Work to complete> A word-for-word copy is needed of the line containing "Join us in person" and every line after it through the end of the records below, leaving out all pictures.
- - - - -
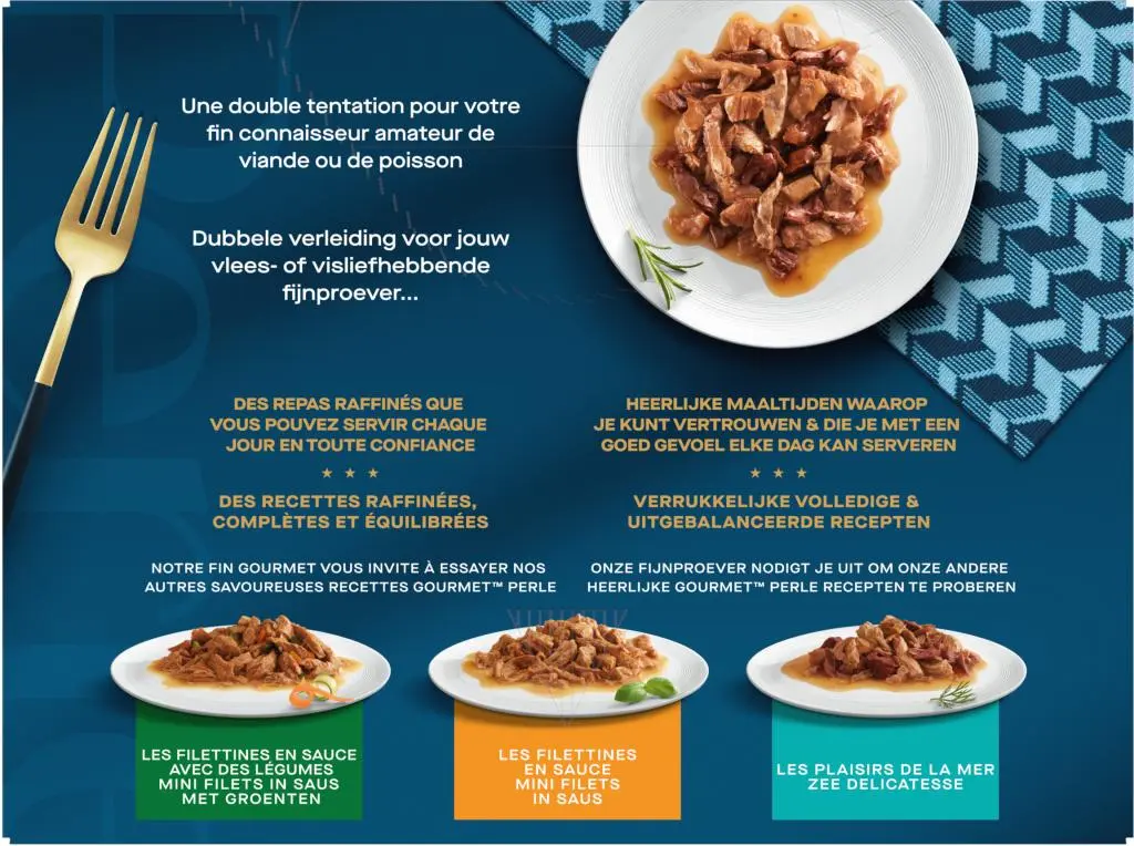 - Zorgvuldig geselecteerde combinatie van voortreffelijke mini filets, met zorg samengesteld en geserveerd in een verrukkelijke saus om de verfijnde smaak van je kat te verwennen.Dubbele verleidingen voor je vleesof visliefhebbende fijnproever...
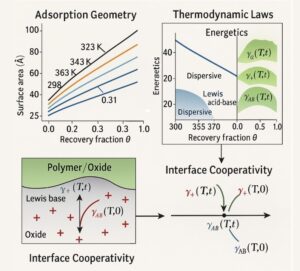 تؤكد هذه الدراسة كذلك صحة النموذج الترموديناميكي الخماسي الذي طوّره البروفسور تيسير حمية لوصف التفاعلات الحمضية-القاعدية على السطوح، وتُظهر أن هذه التفاعلات مرتبطة ارتباطاً عميقاً بمكونات الطاقة السطحية للمادة.
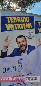 Finti manifesti elettorali con i volti di Matteo Salvini sono comparsi anche ad Agrigento in alcune bacheche destinate alla campagna elettorale per le Europee. “Terroni votatemi” si legge in alcuni dei manifesti con il volto di Salvini. Mentre in altre città d’Italia, come Bologna, apparsi oltre a questi manifesti con scritto “Più armi nelle scuole” , mentre Di Maio è ritratto accanto alla frase “Onesti quando ci pare”. I fotomontaggi, riportano in basso la firma #castigat. Ad Agrigento i manifesti sono stati coperti questa mattina con quelli del Comune di Agrigento. Sulla vicenda indaga a digos.
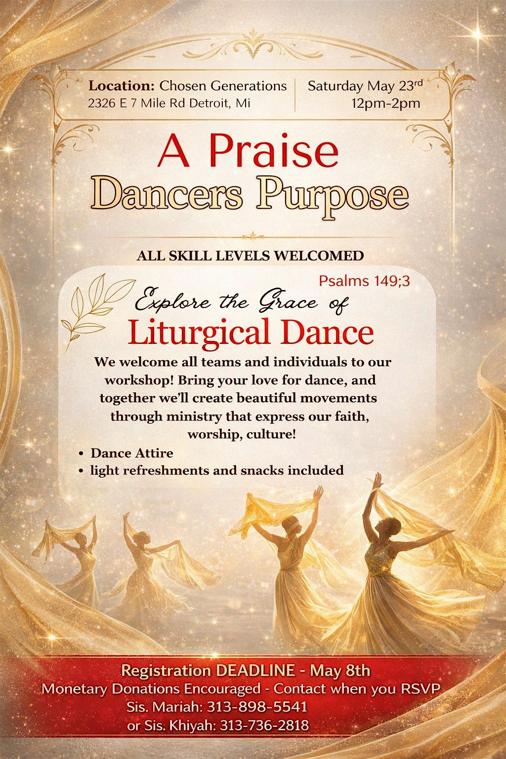 Join us in person for an uplifting event celebrating the power of dance and faith. Whether you're a dancer or just love the vibe, this is your chance to connect, move, and praise with a vibrant community. Come feel the energy, share the joy, and discover the true purpose behind every step. Don't miss out on this amazing experience!
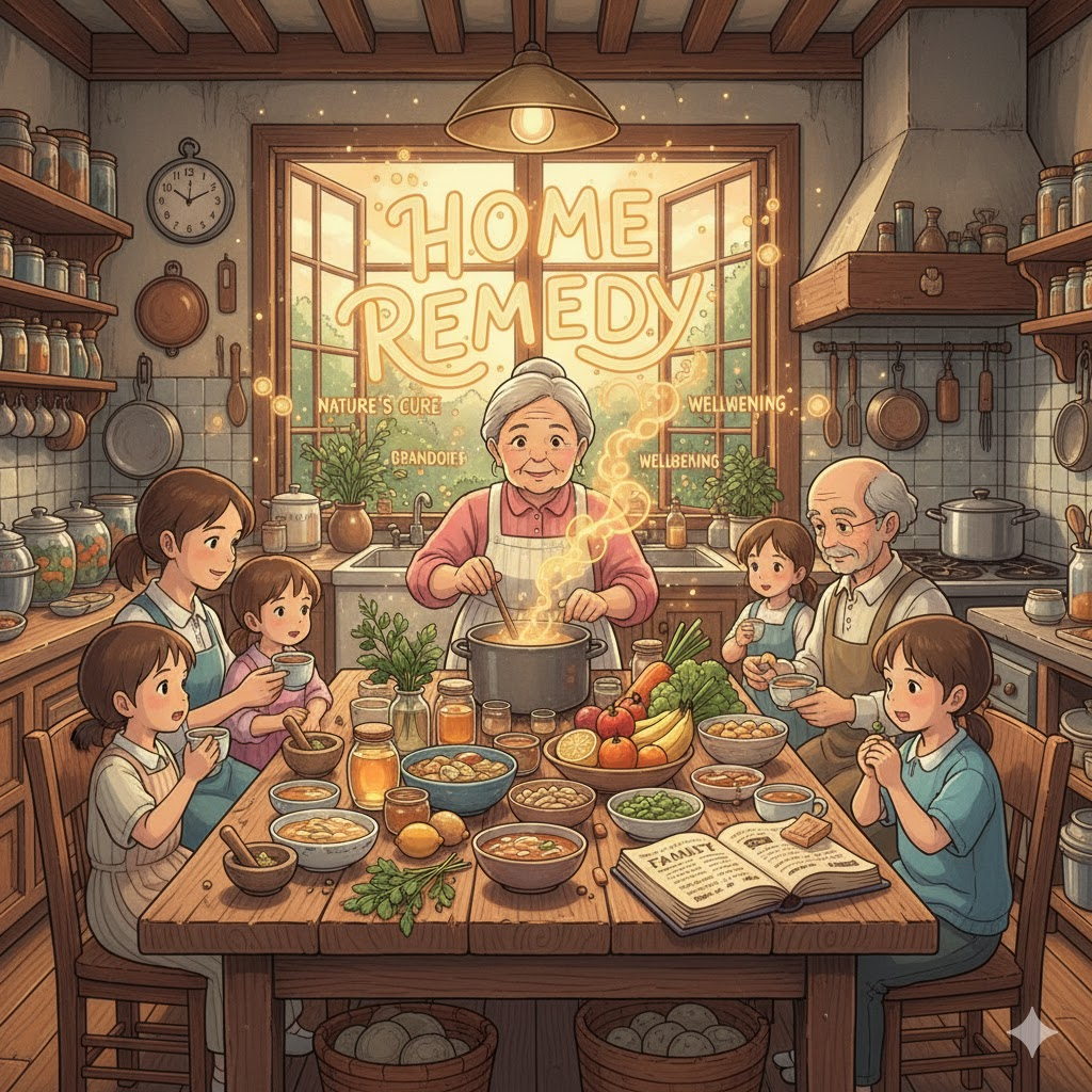 '전문적인'(professional) '의료'(medical) '치료'(treatment) '없이'(without), '집'(home)에서 '흔히'(commonly) '사용'(use)되는 '식품'(food), '약초'(herbs), 또는 '간단한'(simple) '방법'(method)을 '사용'(use)하여 '질병'(disease), '통증'(pain), 또는 '불편함'(discomfort)을 '완화'(alleviate)시키는 '민간'(folk) '치료법'을 의미합니다. '비과학적'이지만 '경험적'(empirical)인 '효과'(effect)를 강조합니다.
- - - - -
Response to this task>
 Join us in person for an uplifting event celebrating the power of dance and faith. Whether you're a dancer or just love the vibe, this is your chance to connect, move, and praise with a vibrant community. Come feel the energy, share the joy, and discover the true purpose behind every step. Don't miss out on this amazing experience!
 '전문적인'(professional) '의료'(medical) '치료'(treatment) '없이'(without), '집'(home)에서 '흔히'(commonly) '사용'(use)되는 '식품'(food), '약초'(herbs), 또는 '간단한'(simple) '방법'(method)을 '사용'(use)하여 '질병'(disease), '통증'(pain), 또는 '불편함'(discomfort)을 '완화'(alleviate)시키는 '민간'(folk) '치료법'을 의미합니다. '비과학적'이지만 '경험적'(empirical)인 '효과'(effect)를 강조합니다.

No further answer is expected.